■ What you will do:
Leaving all pictures out, output exactly and only the line containing "Neben der Kirche" and the lines that follow it to the end of the material below.

■ Information supplied:
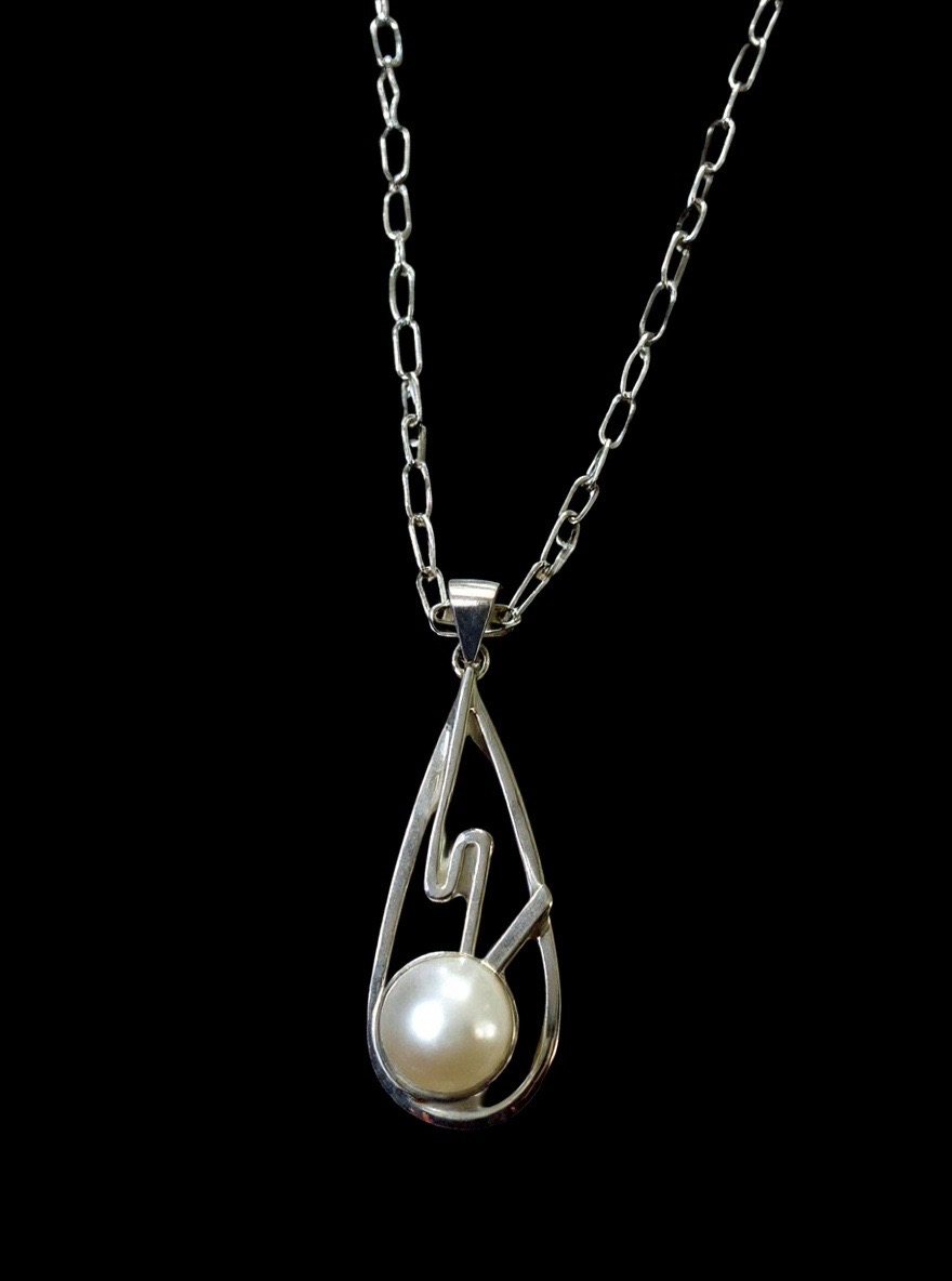 Exquisite Hand Shape and Hand Hammered Sterling Silver Pendant, adorned with a stunning white Mabe pearl, designed to be a captivating piece for any occasion.
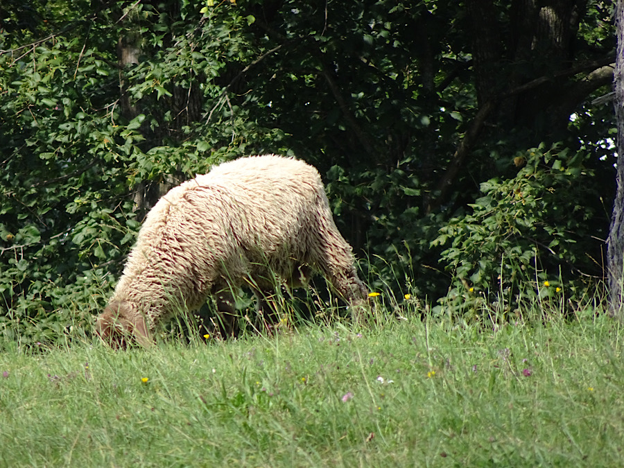 Neben der Kirche und einem Gasthaus, das in der Hauptsaison zwei Wochen geschlossen ist, gabs noch tierische Überraschungen. Wir versuchten auch beim Geocaching einen Multi zu finden. Zwei Stationen hatten wir erfolgreich gelöst. Aber über den Zugang zum „Final“ waren wir uns nicht einig. Das Loggen muss auf den nächsten Besuch verlegt werden.
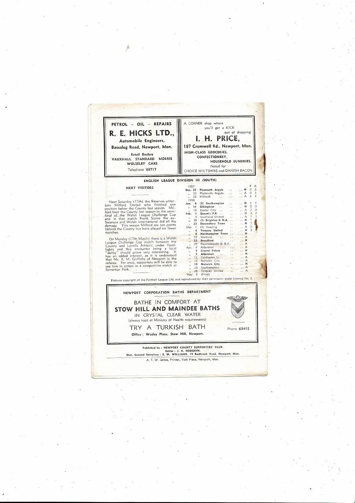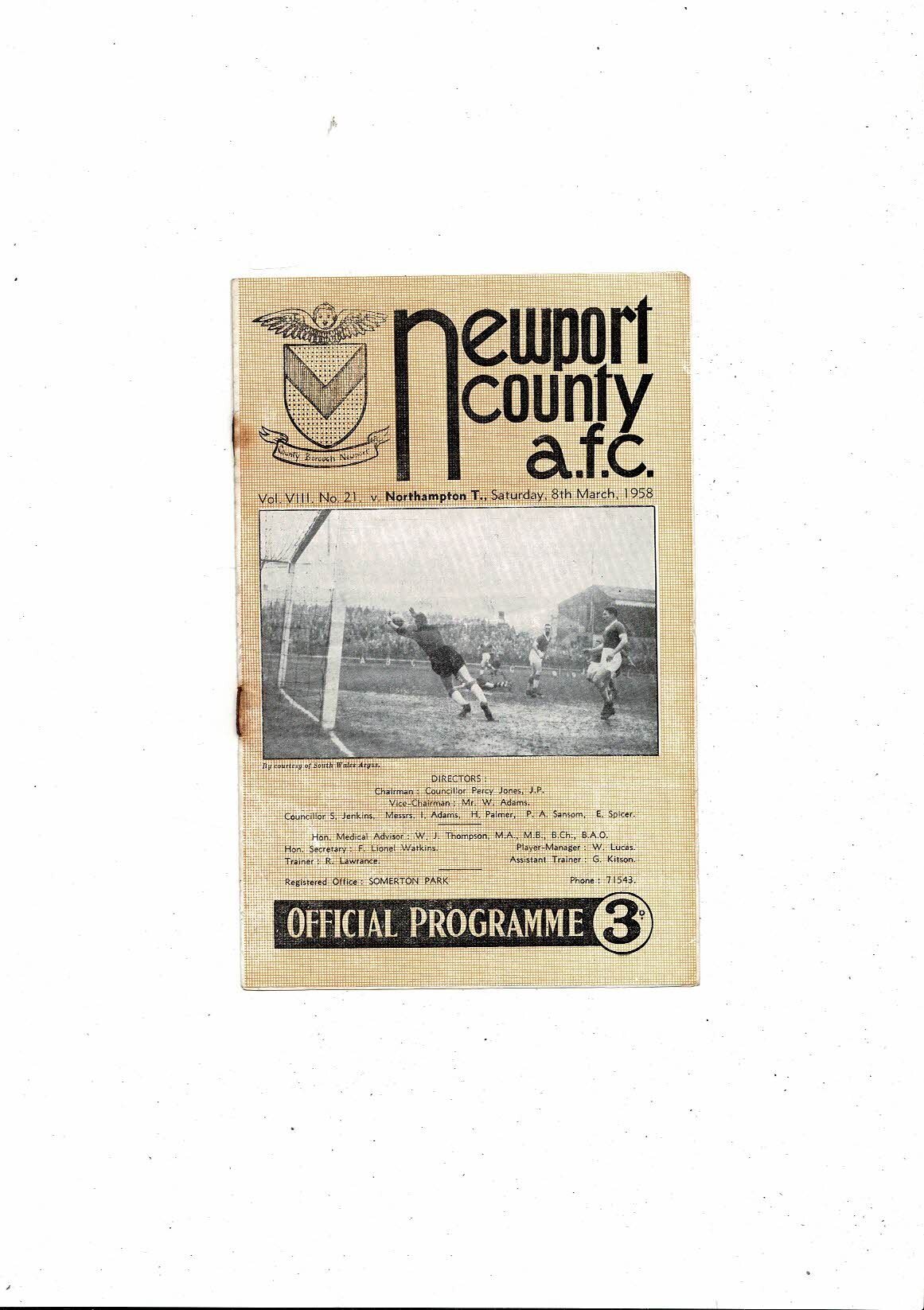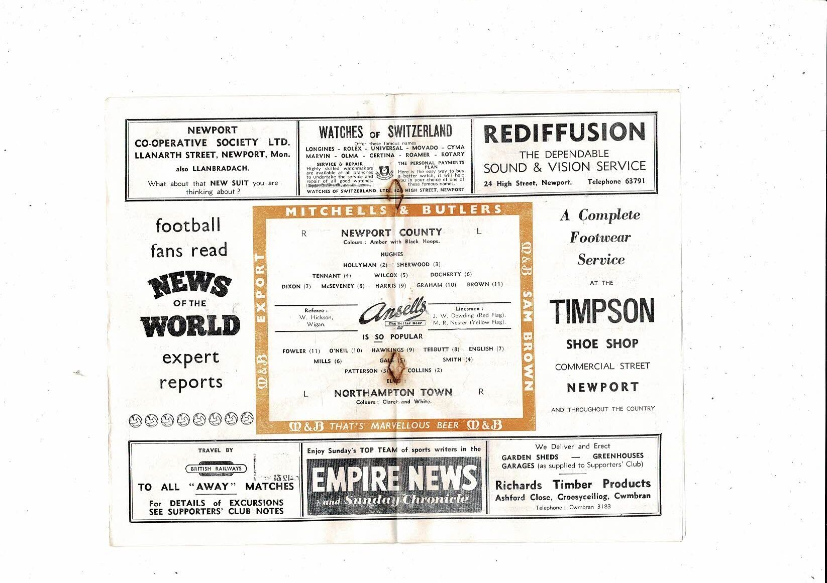 1957/58 Newport County v Northampton Town Football Programme

■ Task solution:
 Neben der Kirche und einem Gasthaus, das in der Hauptsaison zwei Wochen geschlossen ist, gabs noch tierische Überraschungen. Wir versuchten auch beim Geocaching einen Multi zu finden. Zwei Stationen hatten wir erfolgreich gelöst. Aber über den Zugang zum „Final“ waren wir uns nicht einig. Das Loggen muss auf den nächsten Besuch verlegt werden.
 1957/58 Newport County v Northampton Town Football Programme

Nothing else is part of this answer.